As described above, according to the present invention, the cooling effect of the entire generator is enhanced by passing the cooling gas ventilation passage through the fan and then the gas cooler.
In addition, the section between the fan and the oil drainer is set to positive pressure, and the ventilation passage for the cooling gas after passing through the gas cooler is used as the ventilation passage for cooling the stator core and the ventilation passage for cooling the stator core end. By branching in parallel, the cooling effect of the end portions of the stator core can be made equal to that of the conventional example.

According to the present invention, since it is possible to enhance the cooling effect of the generator, it is possible to reduce the size and weight of the generator. Further, since the cooling effect is improved, the air volume can be reduced, and the wind loss can be reduced, so that the efficiency of the generator can be increased.

[Brief description of drawings]

FIG. 1 is a sectional view showing an embodiment of a cooling system for a rotating electric machine according to the present invention.
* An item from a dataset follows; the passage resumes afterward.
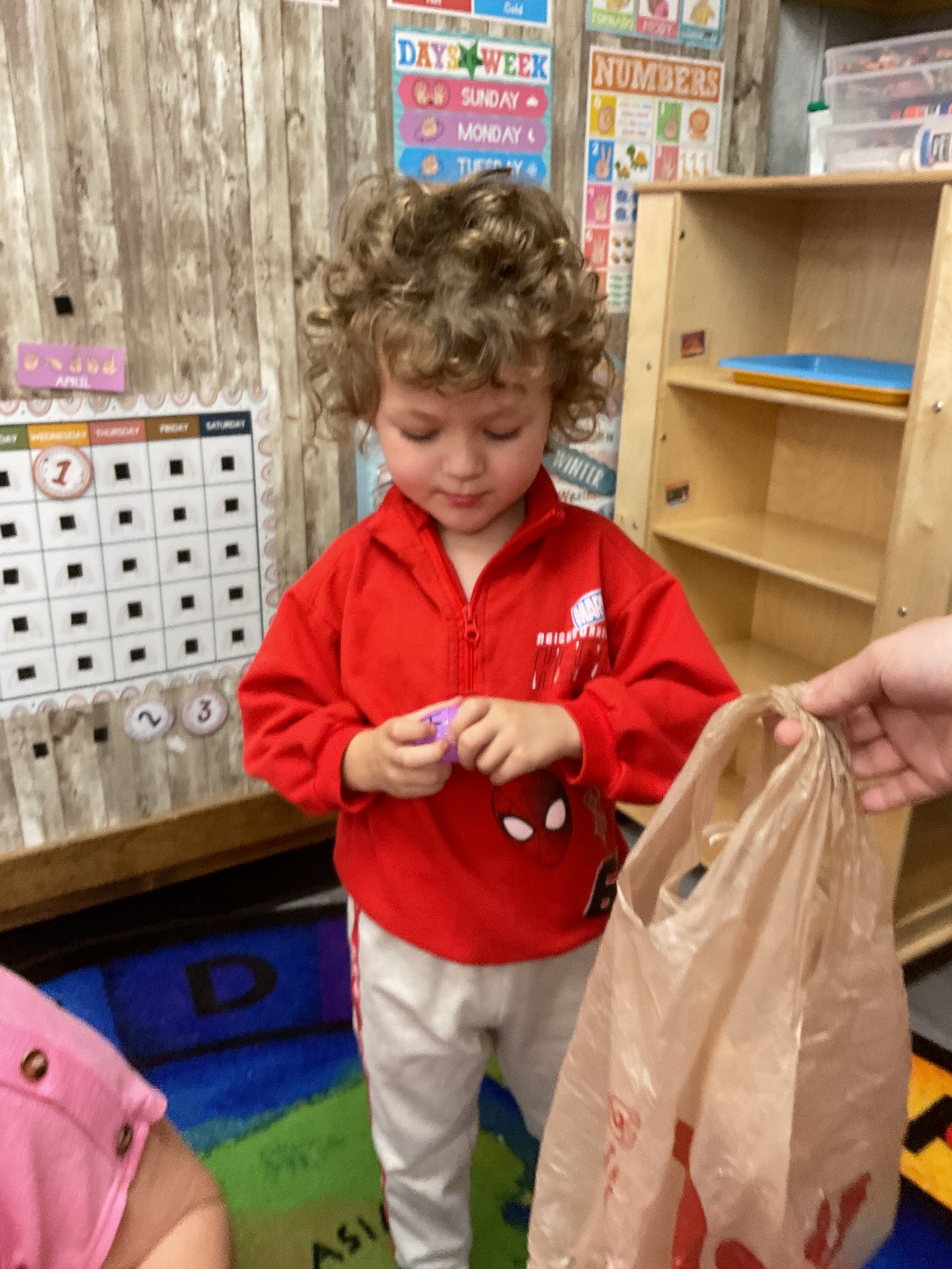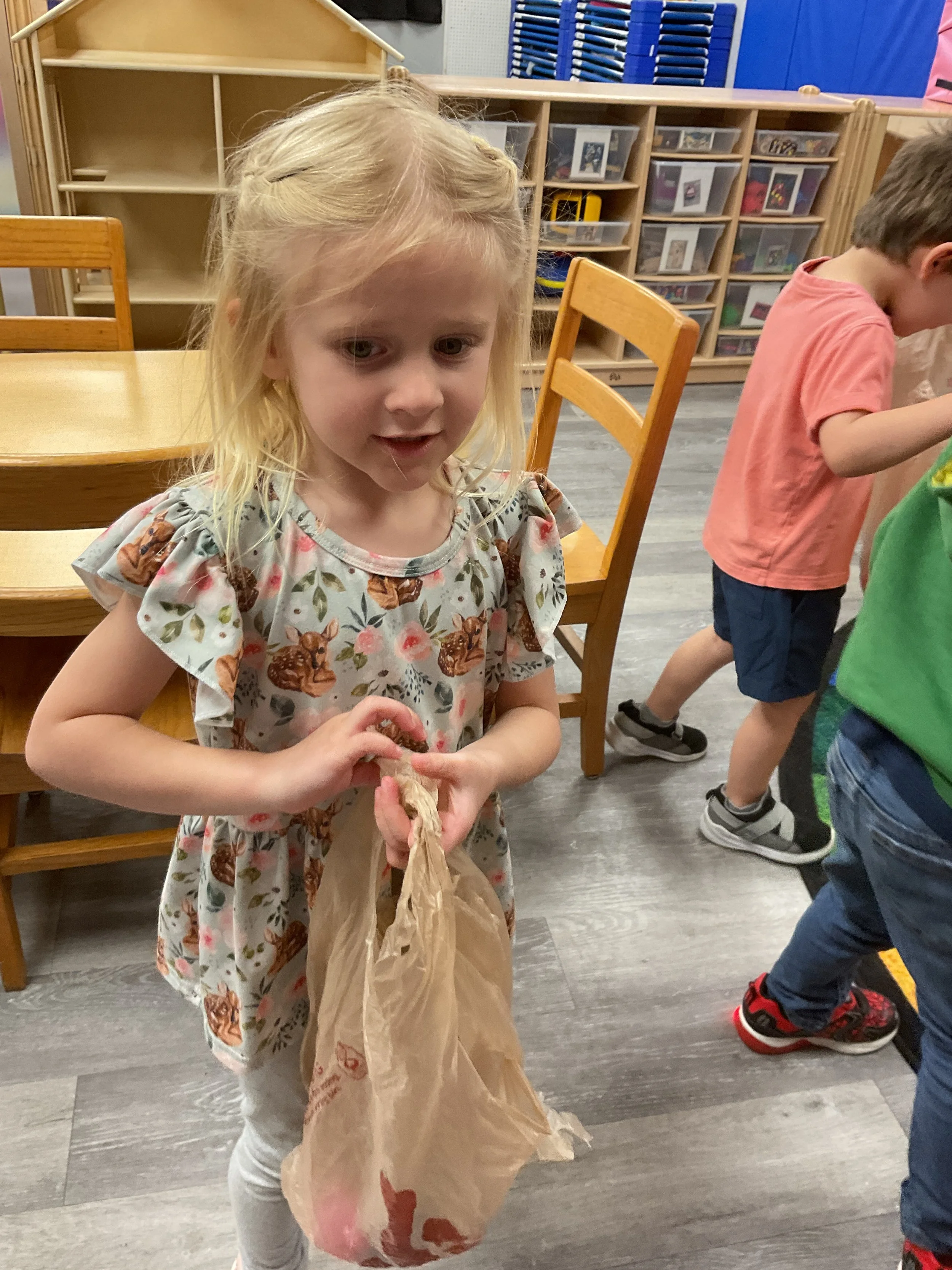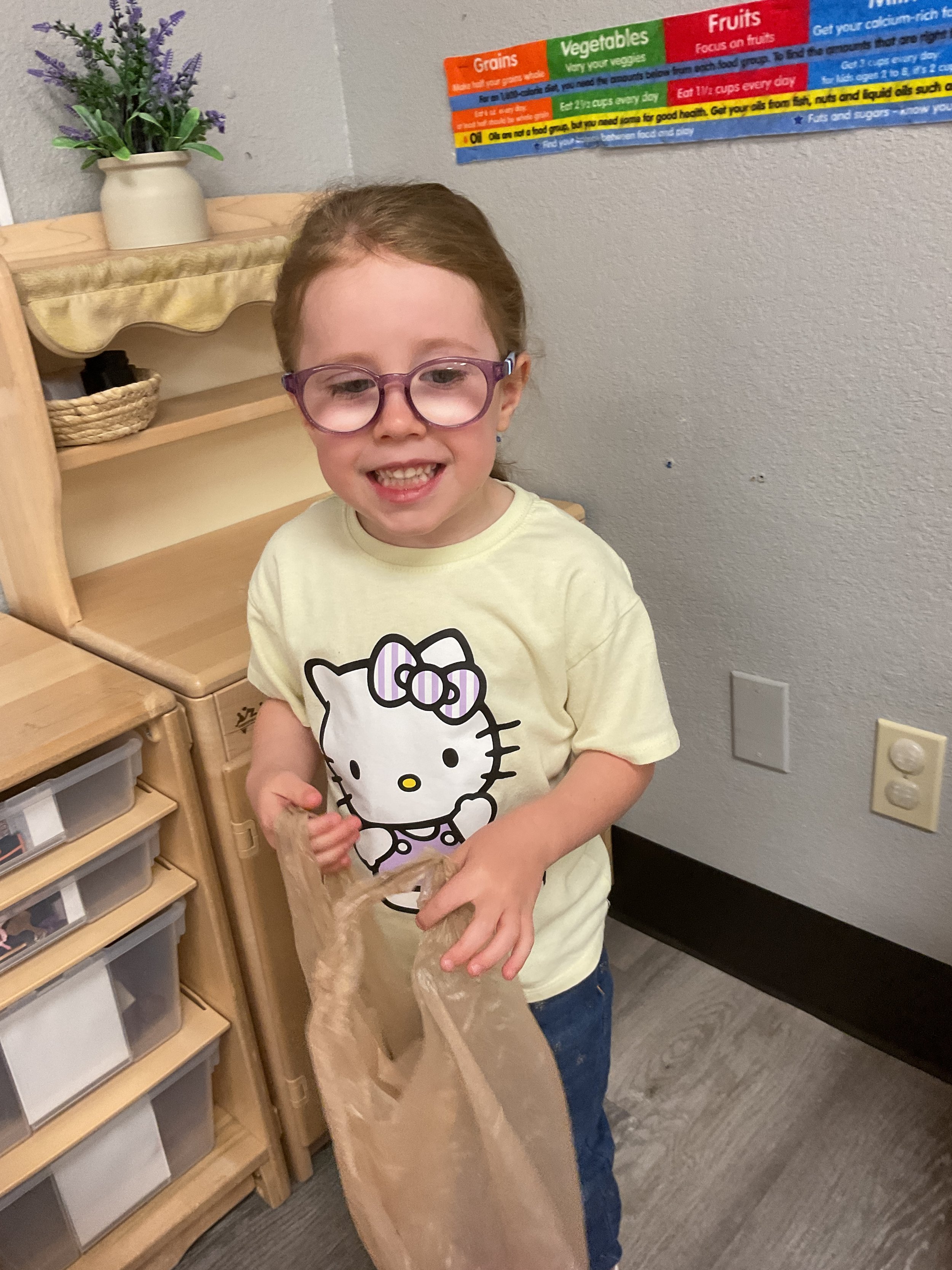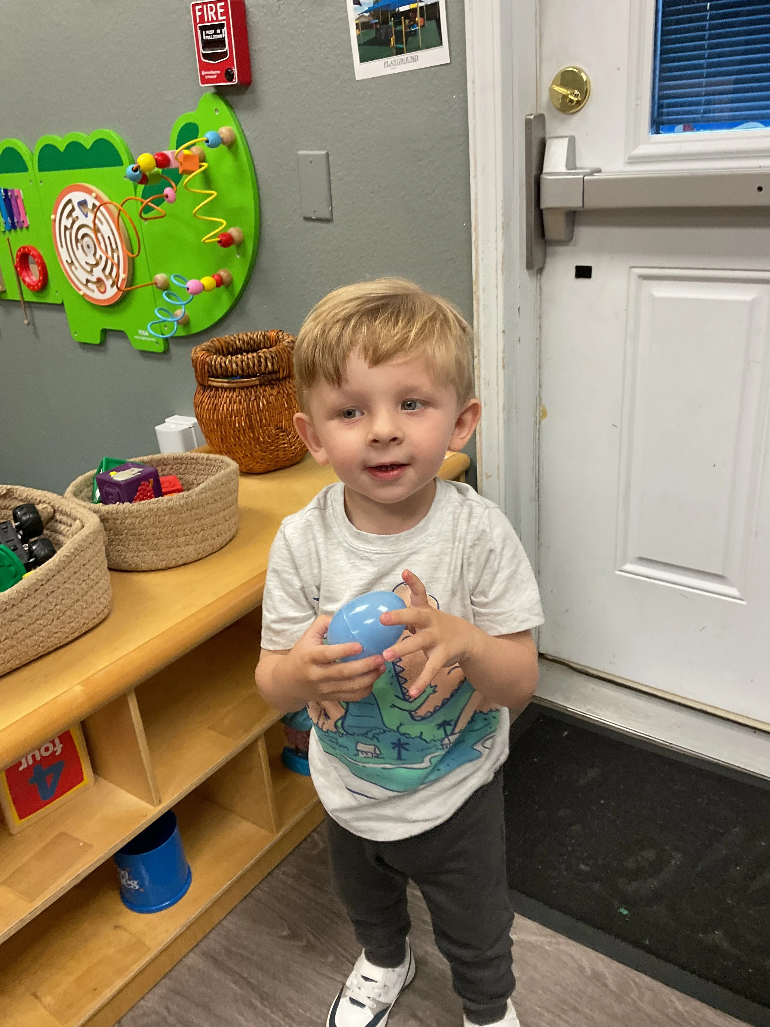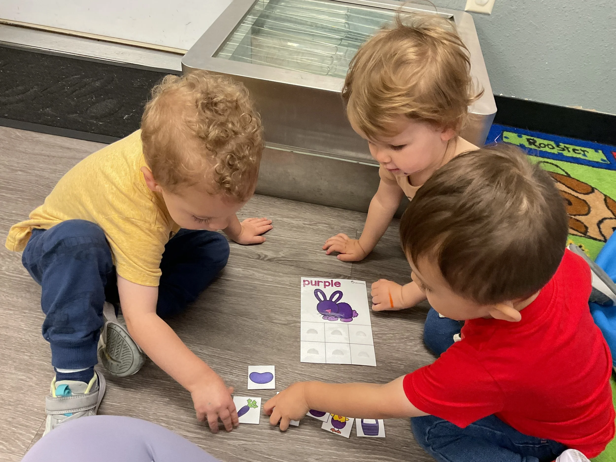 This morning, we read the book The Night Before Easter written by Natasha Wing and illustrated by Kathy Couri. During our music and movement time, we did yoga, some Danny Go, and the Roller Coaster song. Then, during our math and cognition lesson, we did paper weaving. Next, for our science and sensory lesson, we used playdough to make bunnies and eggs. Finally, for our literacy and fine motor lesson, we sharpened our cutting skills. The highlight of our day was our Easter Egg hunt!
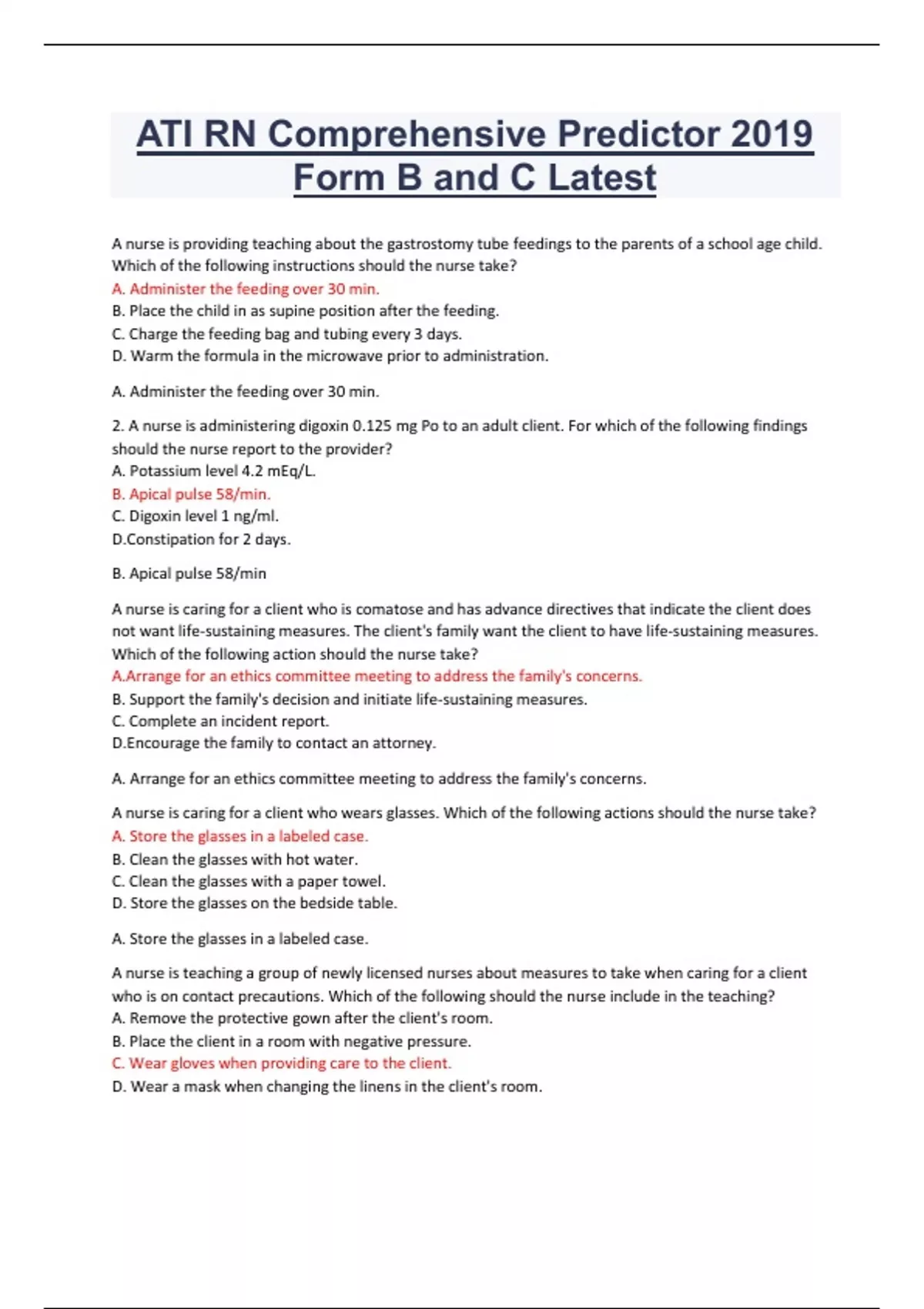 ATI RN Comprehensive Predictor 2019 Form B and C Latest A nurse is providing teaching about the gastrostomy tube feedings to the parents of a school age child. Which of the following instructions should the nurse take? A. Administer the feeding over 30 min. B. Place the child in as supine position after the feeding. C. Charge the feeding bag and tubing every 3 days. D. Warm the formula in the microwave prior to administration. A. Administer the feeding over 30 min. 2. A nurse is administering digoxin 0.125 mg Po to an adult client. For which of the following findings should the nurse report to the provider? A. Potassium level 4.2 mEq/L. B. Apical pulse 58/min. C. Digoxin level 1 ng/ml. D.Constipation for 2 days. B. Apical pulse 58/min A nurse is caring for a client who is comatose and has advance directives that indicate the client does not want life-sustaining measures. The client's family want the client to have life-sustaining measures. Which of the following action should the nurse take? A.Arrange for an ethics committee meeting to address the family's concerns. B. Support the family's decision and initiate life-sustaining measures. C. Complete an incident report. D.Encourage the family to contact an attorney. A. Arrange for an ethics committee meeting to address the family's concerns. A nurse is caring for a client who wears glasses. Which of the following actions should the nurse take? A. Store the glasses in a labeled case. B. Clean the glasses with hot water. C. Clean the glasses with a paper towel. D. Store the glasses on the bedside table. A. Store the glasses in a labeled case. A nurse is teaching a group of newly licensed nurses about measures to take when caring for a client who is on contact precautions. Which of the following should the nurse include in the teaching? A. Remove the protective gown after the client's room. B. Place the client in a room with negative pressure. C. Wear gloves when providing care to the client. D. Wear a mask when changing the linens in the client's room. C. Wear gloves when providing care to the client. A nurse is planning on care for a client who is recovering from an acute myocardial infarction that occurred 3 days ago. Which of the following instructions should the nurse include? A. Perform an ECG every 12 hr. B. Place the client in a supine position while resting. C. Draw a troponin level every 4hr. D. Obtain a cardiac rehabilitation consultation. D. Obtain a cardiac rehabilitation consultation. The nurse is reviewing the medical record of a client who is requesting combination oral contraceptives. Which of the following conditions in the client's history is a contradiction to the use of oral contraceptives? A. Hyperthyroidism. B. Thrombophlebitis. C. Diverticulosis. D. Hypocalcemia B. Thrombophlebitis. A nurse is caring for a client who request the creation of a living will. Which of the following actions should the nurse take? A. Schedule a meeting between the hospital ethics committee and the client. B. Evaluate the client's understanding of life-sustaining measures. C. Determine the client's preferences about post mortem care. D. Request a conference with the client's family. B. Evaluate the client's understanding of life-sustaining measures. A nurse is caring for an adolescent who has sickle-cell anemia. Which of the following manifestations indicates acute chest syndrome and should be immediately reported to the provider? A. Substernal retractions. B. Hematuria. C. Temperature 37.9 C (100.2 F). D. Sneezing. A. Substernal retractions. A nurse is preforming a gastric lavage for a client who has upper gastrointestinal bleeding. Which of the .following action should the nurse take? A. Instill 500 ml of solution through the NG tube. B. Insert a large-bore NG tube. C. Use a cold irrigation solution. D. Instruct the client to lie on his right side. B. Insert a large-bore NG tube.

FIG. 2 is a cross-sectional view showing a cooling system for a conventional rotary electric machine.

[Explanation of symbols]

 1 ... Casing 2 ... Stator core 3 ... Ventilation duct 4 ... Stator winding 5 ... Gas gap 6 ... Rotor 7 ... Rotor core part 8 ... Rotor shaft part 9 ... Fan 10 ... Bearing bracket 11 ... Gas cooler 12 ... Outside windbreak plate 12a ... Windproof plate 13 ... Inside windbreak plate 14 ... Wind guide 15 ... Inner oil drainer 16 ... Bearing metal 17 ... Holding ring 18 ... Room 19 ... Ventilation path 20 ... Ventilation path

Claims (1)

[Claims] 1. A stator core having a plurality of radial cooling passages arranged in a casing in which a cooling gas is sealed, and a stator core rotatably supported on an inner peripheral side of the stator core through a gas gap, and A rotor having a fan at its shaft end, a gas cooler arranged on the end side of the stator core in the casing, and in the casing and between the gas cooler and the fan. First ventilation passage forming means provided for guiding the cooling gas to which a dynamic pressure is applied by the fan to the cooler, and second guiding means for guiding the cooling gas passing through the gas cooler to the radial cooling passage of the stator core. A ventilation path forming means,
A third ventilation passage forming means for guiding the cooling gas to the end portion of the stator core and a fourth ventilation passage forming means for guiding the cooling gas that has cooled the stator core to the fan are provided. Rotating electric machine.